Рождественская песнь в прозе (пер. Пушешников) - Чарльз Диккенс
Шрифт:
Интервал:
Закладка:
Спустя нѣкоторое время, колокола смолкли, булочники закрыли лавки. Надъ каждой печкой остались слѣды, въ видѣ влажныхъ талыхъ пятенъ, глядя на которыя, было пріятно думать объ успѣшномъ приготовленіи обѣдовъ. Тротуары дымились, словно самыя камни варились.
— Развѣ ѣда пріобрѣтаетъ особый вкусъ отъ того, что ты брызгаешь на нее? — спросилъ Скруджъ.
— Да. Вкусъ, присущій только мнѣ.
— Всякій ли обѣдъ сегодня можетъ пріобрѣсти такой вкусъ?
— Всякій, который даютъ радушно. Особенно же обѣды бѣдныхъ людей.
— Почему? — спросилъ Скруджъ.
— Потому что бѣдняки нуждаются въ обѣдѣ болѣе, чѣмъ кто-либо другой.
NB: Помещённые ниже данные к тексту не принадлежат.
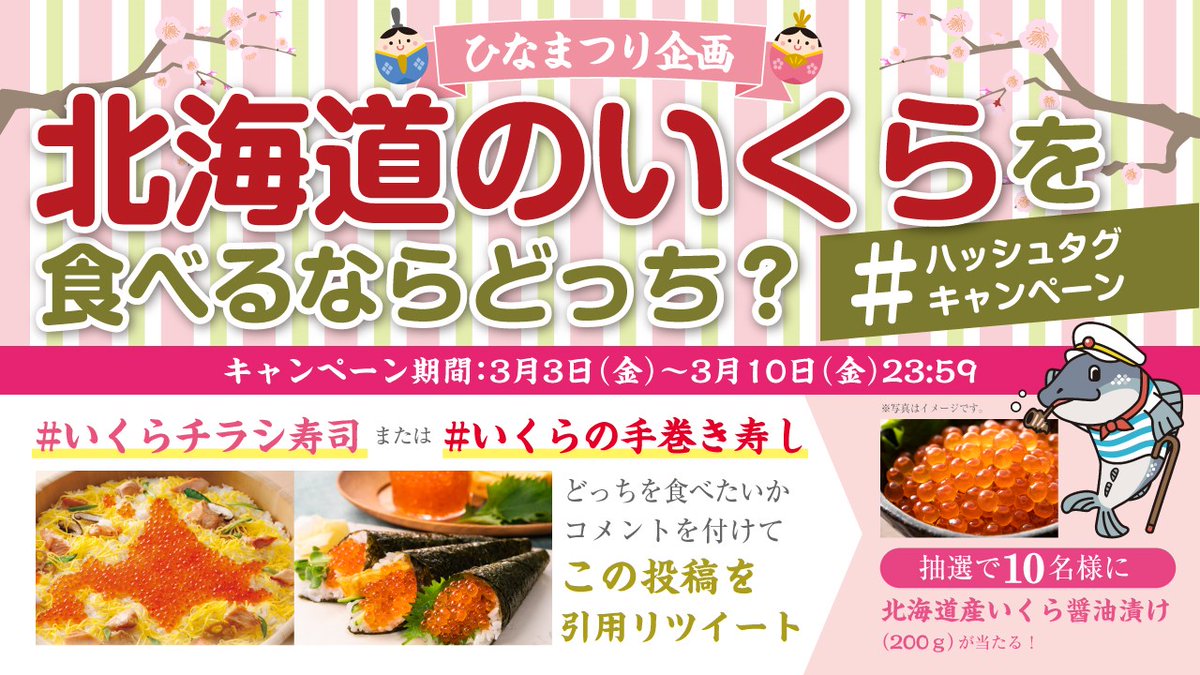 #北海道ぎょれん のアカウントフォロー&投稿リツイートで #北海道日本ハムファイターズ との限定コラボ「#しゃけまる」グッズが当たる⚾

— Духъ, — сказалъ Скруджъ, послѣ минутнаго раздумья. — Меня удивляетъ, почему изъ всѣхъ существъ безчисленныхъ міровъ, которые окружаютъ насъ, именно ты препятствуешь этимъ людямъ пользоваться иногда самыми невинными наслажденіями.
— Я? — воскликнулъ духъ.
— Ты даже не допускаешь, чтобы они обѣдали каждое воскресеніе, а вѣдь только въ этотъ день они, можно сказать, обѣдаютъ по-человѣчески, — сказалъ Скруджъ.
— Я? — воскликнулъ духъ.
— Да вѣдь ты же стараешься, чтобы по воскресеньямъ эти мѣста были закрыты, — сказалъ Скруджъ.,
— Я стараюсь? — воскликнулъ духъ.
— Если я не правъ, прости меня. По крайней мѣрѣ, это дѣлается отъ твоего имени или отъ имени твоей семьи, — сказалъ Скруджъ.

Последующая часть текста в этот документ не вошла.